Senhor ministro da Justiça: é usual falar em fogo cruzado. É o que ocorre hoje, no seu Ministério: duas pressões antípodas. De um lado talvez seja a maioria são os que carregam à Polícia, à Justiça, o papel, solitário, de porem termo ao crime violento. Foi a visão, simplória, esposada na última eleição, por políticos da direita e da esquerda; do outro lado, os que, também, querem penas rigorosas para o criminoso que ascendeu ao último patamar da barbárie, mas não abrem mão dos postulados da penalogia humanista.

Os que atribuem à Justiça, à Polícia, solucionarem, insultados, a violência encartada no crime (da outra violência eles não curam, até porque não atinem com ela) vão querer, com o sufrágio de conhecidos corifeus da mídia, que o ministro da Justiça seja o que ele não é; a outra parte, a minoria (trabalhadores politizados da cidade e do campo, a gente da escola, empresários modernos e a ampla rede que se alberga sob o pálio dos Direitos Humanos), essa conta com a história de vida de Márcio Tomaz Bastos, confiante em que a legislação dura, que vier, não se desapartará das normas constitucionais: "ninguém será submetido a tortura nem a tratamento desumano ou degradante", "é assegurado aos presos o respeito à integridade física e moral", "não haverá penas cruéis".

O homem não sabe julgar o seu tempo. Por viver-lhe as emoções, será impossível avaliar as outras idades. Mas não há negar, que vivemos, no Brasil, um período marcado pelo temor: o temor da morte, porque ela nos espreita na face do crime; perigo do sofrimento, porque rareiam as oportunidades de uma vida digna.

Não é um aspecto novo, mas mudou a intensidade: o assassínio de um soldado, de um policial civil por serem militares e o assassínio de juízes, por serem juízes. Se, até agora, a morte do militar passa como um homicídio qualquer (é, na verdade, um crime contra o Estado), a morte do juiz, por ser juiz, ganhou o justo relevo de um crime contra o Estado.

É crime bárbaro? É; crime de pena alta? É. Quem mata o jornalista, por ser jornalista (em serviço); quem mata policial (não "em confronto", mas, por ser policial); quem mata o juiz a que o está a julgar réu desses tipos de homicídios tem de saber que vai topar com pena rigorosa. Mas há de ser pena que se comprara com a Constituição da República, Constituição do Estado Democrático de Direito.

Pode, a pessoa, ficar 360 dias sem conversar com ninguém? O boi, o cavalo, o cachorro, não. A vaca berra, as outras berram; o cavalo rincha, o outro responde; os cães, esses latem ao mesmo tempo. Carnelutti fala de seres "fechados nas jaulas como os animais de jardim zoológico e que parecem homens de mentira" (v. As Misérias do Processo Penal).

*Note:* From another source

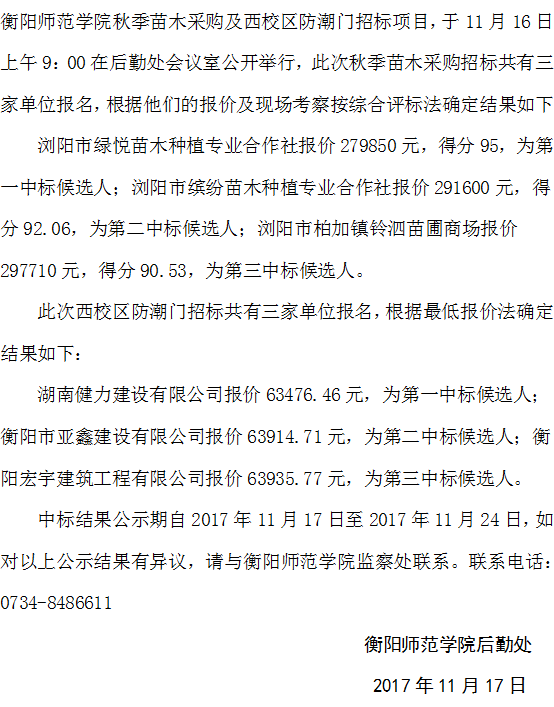 永利集团88304官网秋季苗木采购及西校区防潮门招标中标结果公示
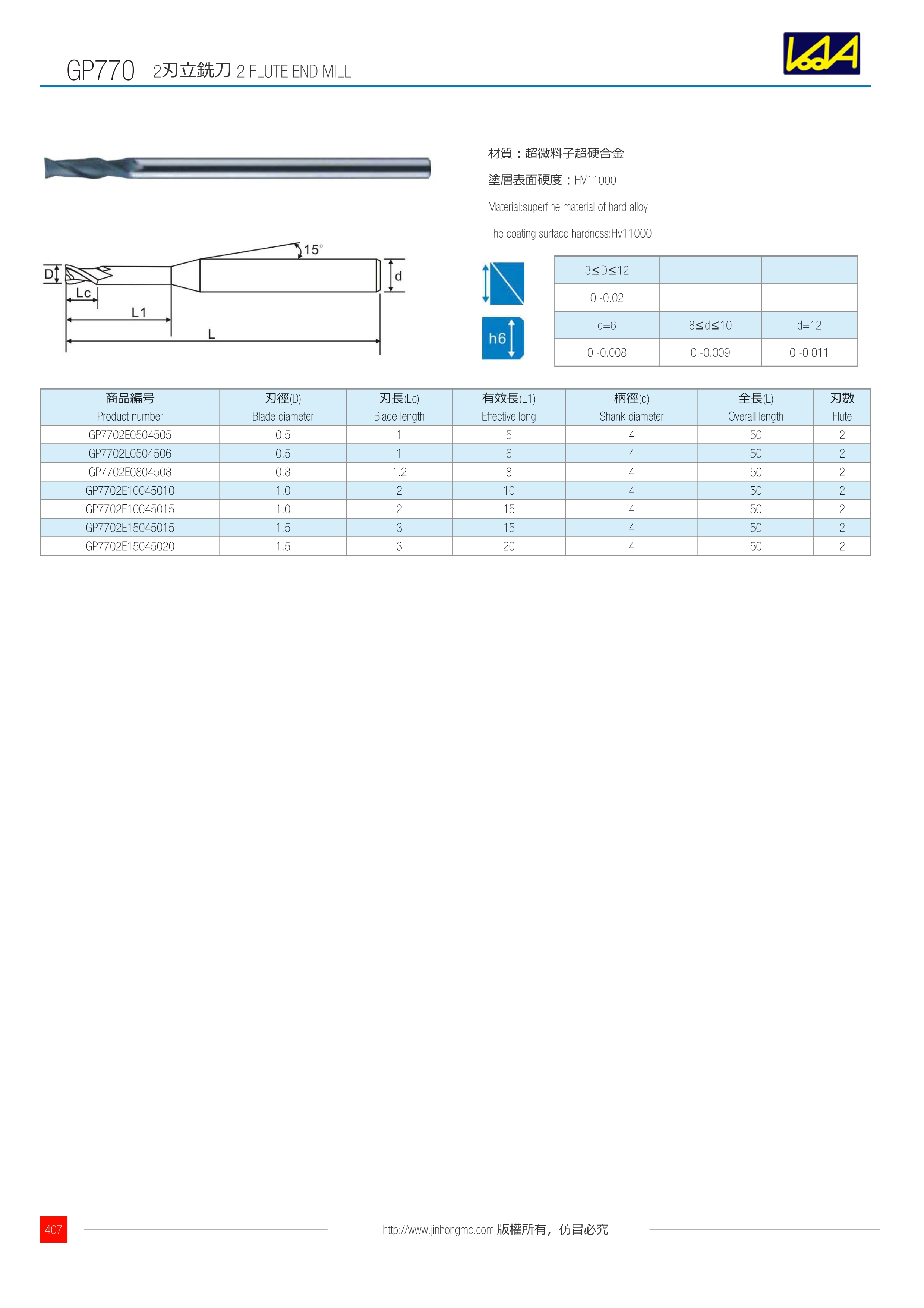 訂購(gòu):gp770-1 2刃立銑刀

E a pena (o castigo), não pode ser exasperada: por razão de ordem ética (o pensamento humanista expungiu o rol de torturas que enxameavam os códigos) e por política criminal: não há cadeia que resista a réus desesperançados.

E não se escuse o Brasil com invocar similitude de tratamento a presos em outros países. Nesse aspecto, Estados Unidos, Cuba, China, não têm o mais mínimo compromisso, com os Direitos Humanos, com a Democracia.

As entidades de Direitos Humanos têm o dever de denunciar as violações desses direitos em qualquer país. É o que o Human Right Watch faz com relação ao Brasil. Somos merecidos réus; principalmente, quanto à tortura em nossas prisões. Mas, já não seria hora de o Human Right Watch revelar ao mundo como são as prisões dos Estados Unidos? Como estão, hoje, as garantias do due process of law? Por que o Human Right Watch não vai a Guantánamo e divulga ao mundo, de forma ampla, clara, como foram e como são tratados os presos do Afeganistão que o governo dos Estados Unidos mantém naquela ilha?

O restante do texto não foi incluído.